Regarding claim 28, Lee in view of Kandekar teaches the method of claim 27, wherein the at least one shard is at least one of: an acoustic shard, a volumetric shard, a physical simulation shard, or any combination thereof (Lee; "As used herein, the term "synthetic environment," at least in one embodiment, can refer to a virtual world (or a portion thereof) that is a computer-based simulated environment intended for its participants to inhabit and interact via, for example, avatars. A synthetic environment can also refer to a shard or a persistent world (or a portion thereof), which is a virtual world that progresses without or without participant interaction," (page 3-4, para [0042]).
“Synthetic environment generation platform 160 is configured to generate a synthetic environment 162 for clients 150a and 150b.
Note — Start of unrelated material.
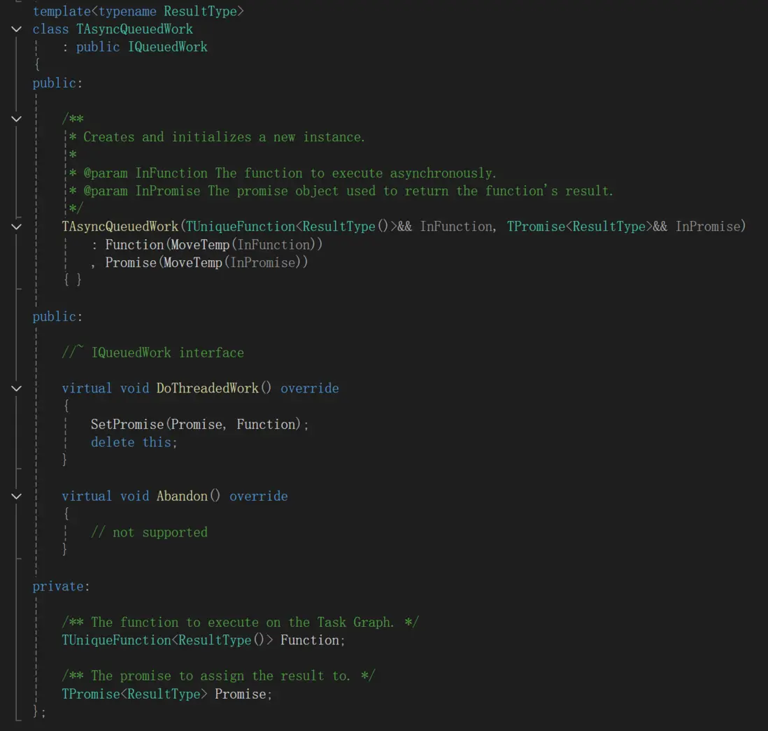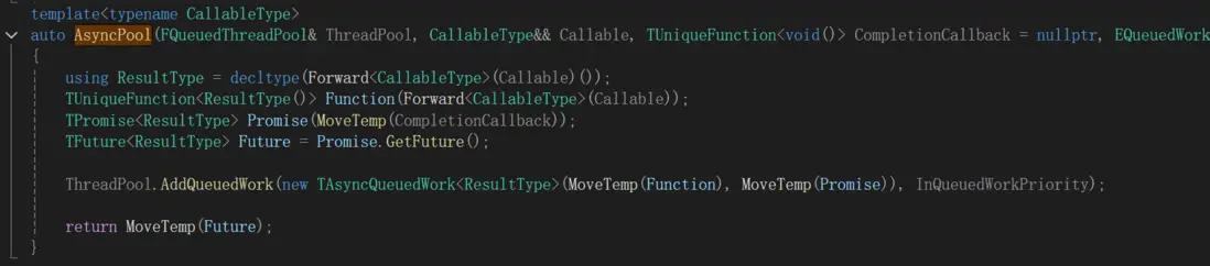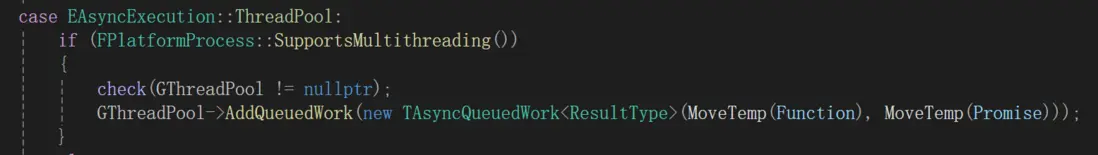函數內部會創建TAsyncQueuedWork封裝Function和Promise,然後使用AddQueuedWork接口把任務加到GThreadPool中。

In this example, synthetic environment 162 includes four regions: region one ("R1") 163, region two ("R2") 165, region three ("R3") 167, and region four ("R4") 169,” (Lee; page 4, para [0044]; Fig 1B).
“In one embodiment, a visibility server is configured to implement a sphere intersection test in which an object becomes visible to participant when a "can-be-seen" range, such as "can-be-seen" range 1112 for mountain 1114, intersects with visibility range 1102. A "can-be-seen" range can be represented as a circle (i.e., 2-D) or a sphere (i.e., 3-D),” (Lee; page 8, para [0067]).
“As used herein, the term "participant," at least in one embodiment, refers to either a player, or a two or three-dimensional graphical representation (e.g., an avatar) representation of the player, or both,” (Lee; pages 3-4, para [0042]).
The at least one shard includes synthetic environment, portions of the synthetic environment, and/ or regions of the synthetic environment. One of ordinary skill in the art would recognize that for the three-dimensional player to have three-dimensional motion/ interaction within the synthetic environment of the game of Lee, the synthetic environment would have to be three-dimensional. The visibility sphere (Lee; page 8, para [0067]) and Fig 1B further evidences volumetric spaces. Since a synthetic environment, portions of the synthetic environment, and/ or regions of the synthetic environment include a three-dimensional space, any of these reads on volumetric shard.).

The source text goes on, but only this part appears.